GPU Performance or Ease of Use - Why Not Both? Accelerating Scientific Computing with nvmath-python

Explore how to achieve both GPU performance and ease of use in Python through this 25-minute conference talk from EuroPython 2025. Learn about the nvmath-python open-source library that bridges the gap between high-performance GPU computing and Python's accessibility, eliminating the traditional trade-off between performance and usability. Discover how this library provides Python developers with the same flexibility and control previously available only to C++ developers, including integration with Numba and NVIDIA's runtime compiler stack (nvrtc and nvjitlink). Understand the design principles behind nvmath-python and see practical demonstrations of how it accelerates scientific computing workloads while seamlessly integrating with popular Python libraries like NumPy, CuPy, SciPy, and scikit-learn. Gain insights into advanced GPU optimization techniques including math libraries for scientific computing, device kernel fusion, JIT compilation, and LTO, all accessible through Python's familiar syntax.

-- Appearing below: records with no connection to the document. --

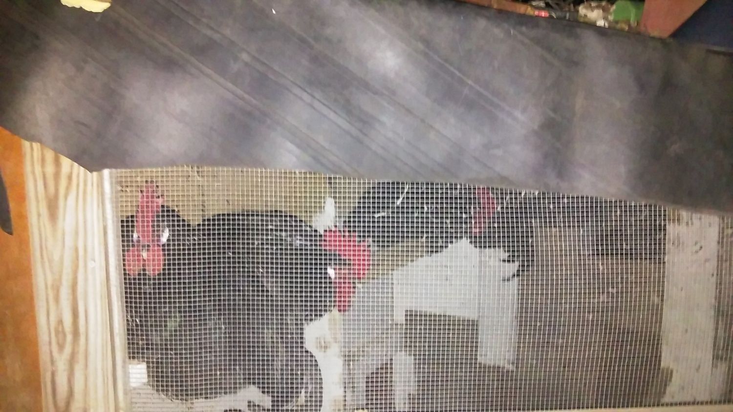 Was she looking for fresh air?@casportpony The hen that I cleaned her butt and gave ivermectin to on Sunday is not up on the roost, but down by the hardware cloth opening on the floor of the coop. I tried to put her up after taking a couple of photos for you, but she went back to where she had been. I am worried especially since she is one of my four breeders for the spring.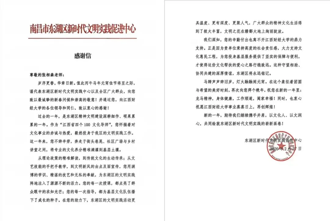 信中祝愿我校事业蒸蒸日上、再创辉煌,并期待与我校继续携手,以文化人、以文润心,共同绘就东湖区新时代文明实践崭新画卷。此次致谢,是对张相森老师践行社会责任的肯定,更是对我校服务地方发展、助力文化惠民工作的高度认可。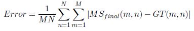 La métrica utilizada para validar el algoritmo propuesto es el error medio absoluto (a menor valor de error,mejor es el desempeño del algoritmo) que permite comparar la similitud entre el mapa de las regiones salientes obtenido y el ground truths (GT) de la base de datos. Los algoritmos utilizados para la comparación fueron: HS (Yan et al., 2013), PCA (Margolin et al., 2013), XL (Xie et al., 2013), GC (Cheng et al., 2013), Wco(Zhu et al., 2014), HC (Cheng et al., 2015), LPS(Li et al., 2015), BL(Tong et al., 2015), Linhua (Linhua et al., 2017).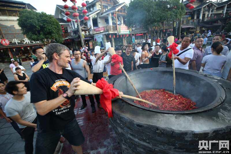 2017年9月26日,在張家界市武陵源區(qū)非遺體驗基地溪布老街民間藝人唐承剛雙腳踩在鋒利的刀刃上,徒手在直徑2米、溫度近260度的油鍋里炒龍蝦。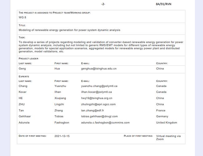 该项标准的成功立项,在可再生能源接入电网分技术委员会(IEC SC8A)开辟了一个新的工作方向,为更好开展后续相关标准编制工作,可再生能源接入电网分技术委员会(IEC SC8A)成立了可再生能源发电建模工作组(Working Group 8),并由乐鱼在线平台自动化系耿华教授担任工作组召集人。该工作组的成立及相关标准的成功立项,标志着我国在新能源发电技术领域话语权得到进一步提升,对于以国际标准推动我国产品和服务走向世界,提升我国在该领域的国际竞争力具有重要意义。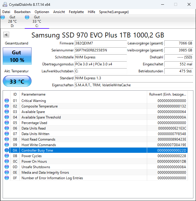 - HDD / SSD: 1TB Samsung 970 Evo Plus M.2 2280 PCIe 3.0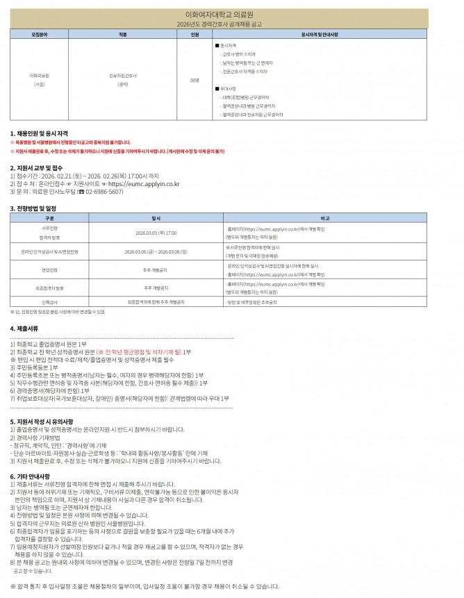26.02.21 ~ 26.02.262026년 서울병원 간호부 정규직 경력간호사 공개채용 공고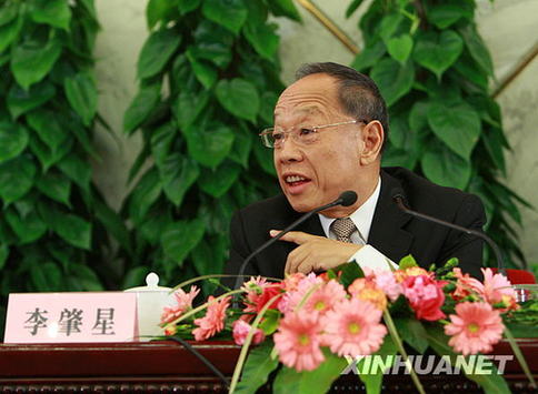 大會發言人李肇星回答記者提問。新華社記者 龐興雷 攝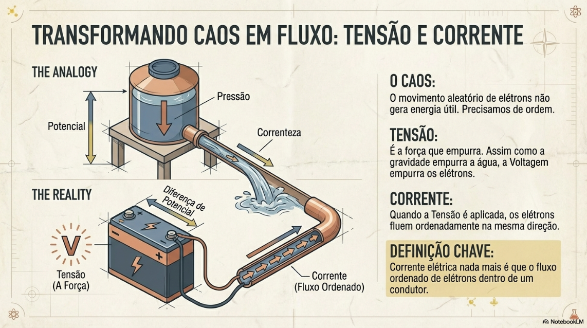 A melhor analogia para entender isso é a de um rio. Assim como a água flui em uma correnteza de um ponto a outro, os elétrons fluem em um fio. E o que faz a água do rio se mover? Uma força, geralmente a gravidade, que age sobre a diferença de altura. Na eletricidade, a lógica é a mesma: a força que "empurra" os elétrons é chamada de tensão, e ela é gerada por uma diferença de potencial, como a que existe entre os polos de uma bateria. Assim como a diferença de altura move a água, a diferença de potencial move os elétrons, organizando seu movimento aleatório em um fluxo único e poderoso.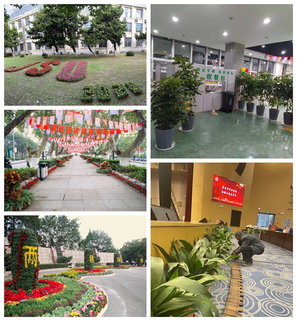 绿化卫生中心认真做好重点区域绿植的精修剪,道路卫生部员工以饱满的热情全天候确保校园道路的干净整洁,加强对绿化带断枝落叶的清理,更新了校内花坛、花镜绿地草花,在新大门布置了“百年芬芳 两秩辉煌”花柱,五棵松设计摆放了花境、静湖旁安放了花坛,确保校园焕然一新,有力保障了主要场馆(体育馆、图书馆、小礼堂)、各学院(材料学院、化工学院、理学院)会场相关庆典工作。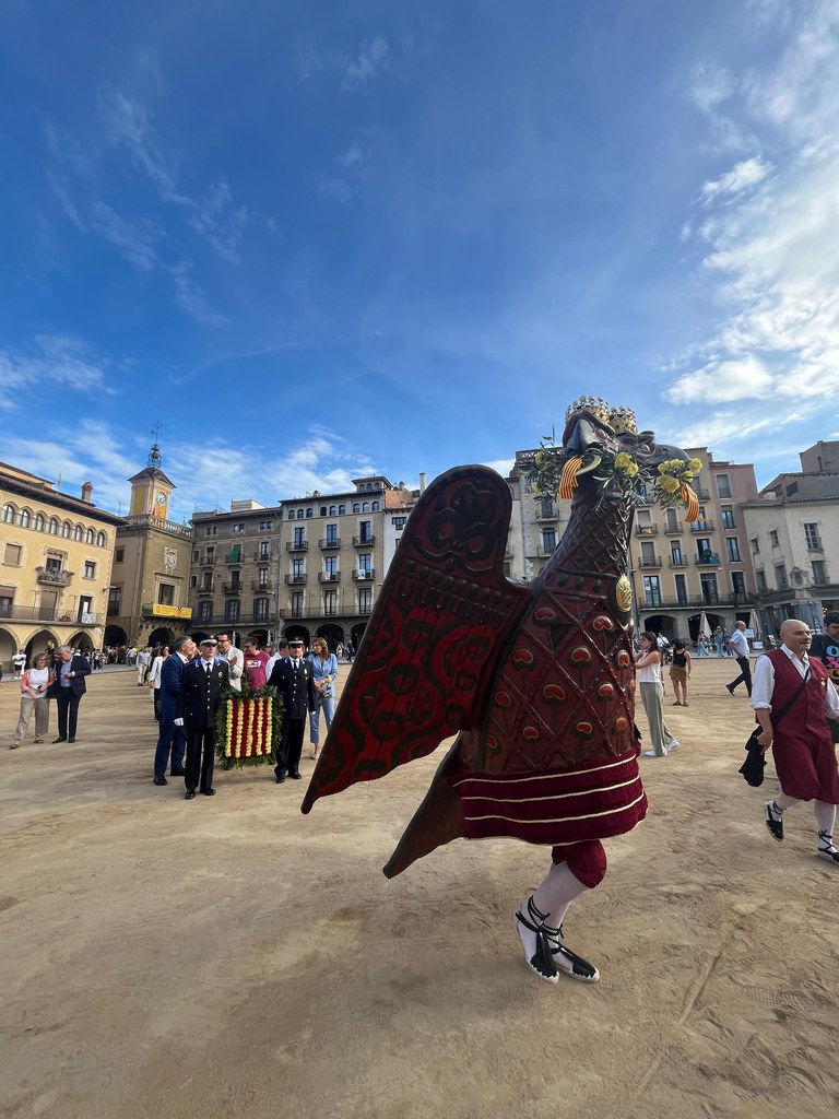 Imatge de la comitiva de la Diada creuant la plaça Major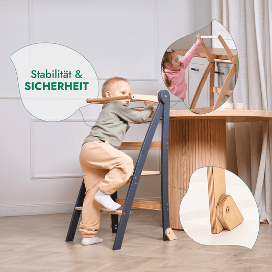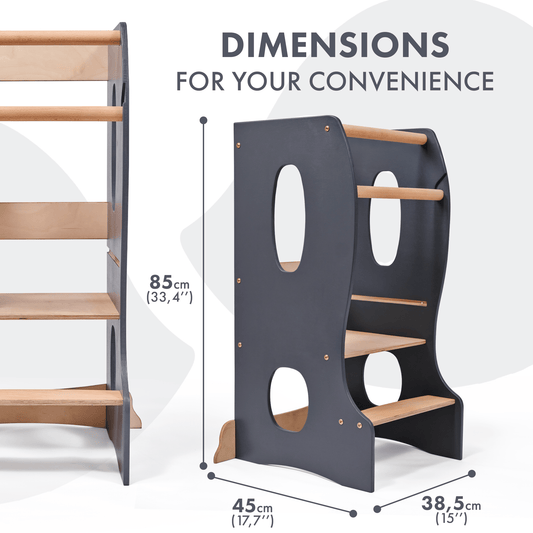 Stabiler Montessori Lernturm: Mitwachsender Kinderstuhl aus Holz – Grau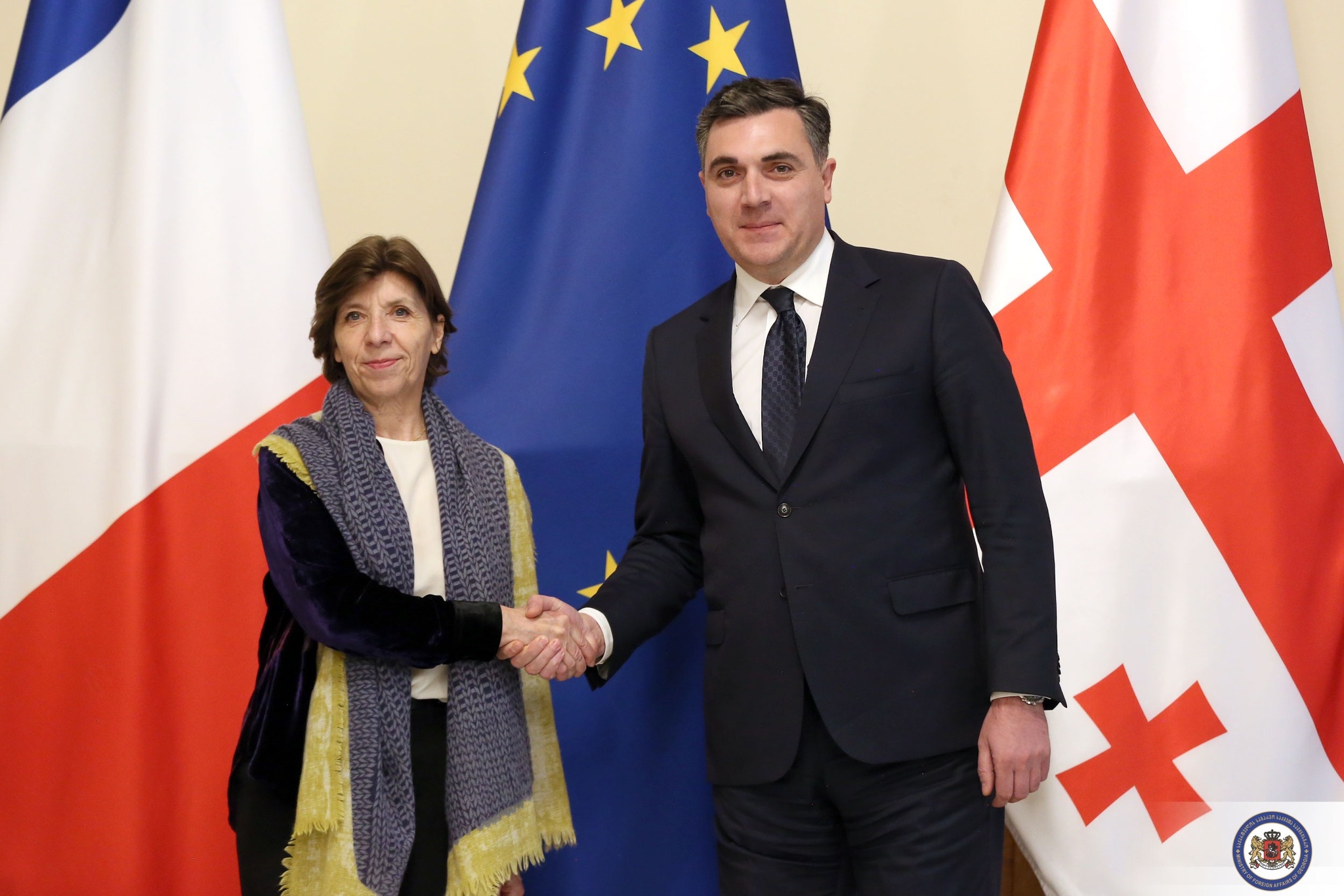 „საფრანგეთის საგარეო უწყების ხელმძღვანელის დღევანდელი ვიზიტი განსაკუთრებული მნიშვნელობის მატარებელია რამდენიმე ასპექტის გათვალისწინებით. პირველ რიგში, ვიზიტი საქართველოსა და საფრანგეთს შორის არსებული მრავალგანზომილებიანი და მჭიდრო თანამშრომლობის გამოძახილია; ამასთან, ევროპის კონტინენტზე არსებული უსაფრთხოების გამოწვევების ფონზე და საქართველოსათვის ამ მეტად მნიშვნელოვან პერიოდში, ვიზიტი საფრანგეთის გამორჩეული მეგობრობის დასტური და ძლიერი პოლიტიკური მხარდაჭერის გამოხატულებაა“ - ამის შესახებ საგარეო საქმეთა მინისტრმა, ილია დარჩიაშვილმა საფრანგეთის რესპუბლიკის ევროპისა და საგარეო საქმეთა მინისტრთან, კატრინ კოლონასთან შეხვედრის შემდგომ გამართულ ერთობლივ პრესკონფერენციაზე განაცხადა.
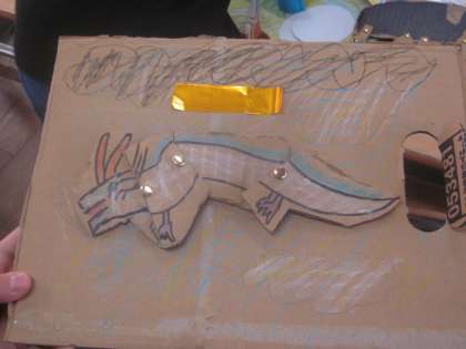 動く動物などをつくります。それをクロムブックで撮影し、コマ送りソフトを使ってアニメーションをつくります。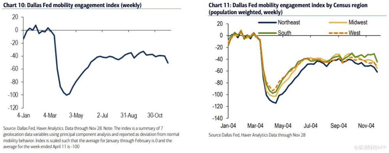 截至11月28日感恩节当周,达拉斯联邦储备银行的流动性和参与度指数(mobility and engagement index)大幅下滑至-50.6,前一周为-39.6。这是截至5月30日当周以来的最低水平,可能是因为感恩节假期,人们有更多时间待在家里。在地区层面上,所有四个人口普查地区的流动性在那一周都有所下降。

Examine the library's support for both CPU and GPU execution spaces, GEMMs and FFTs with prolog/epilog fusion, narrow precision types, random number generation, and comprehensive CUDA math library capabilities. Focus particularly on the newly released sparsity support and distributed computing capabilities that make this tool valuable for Python developers, scientific computing practitioners, AI-oriented users, and anyone seeking peak GPU kernel performance without sacrificing development ease.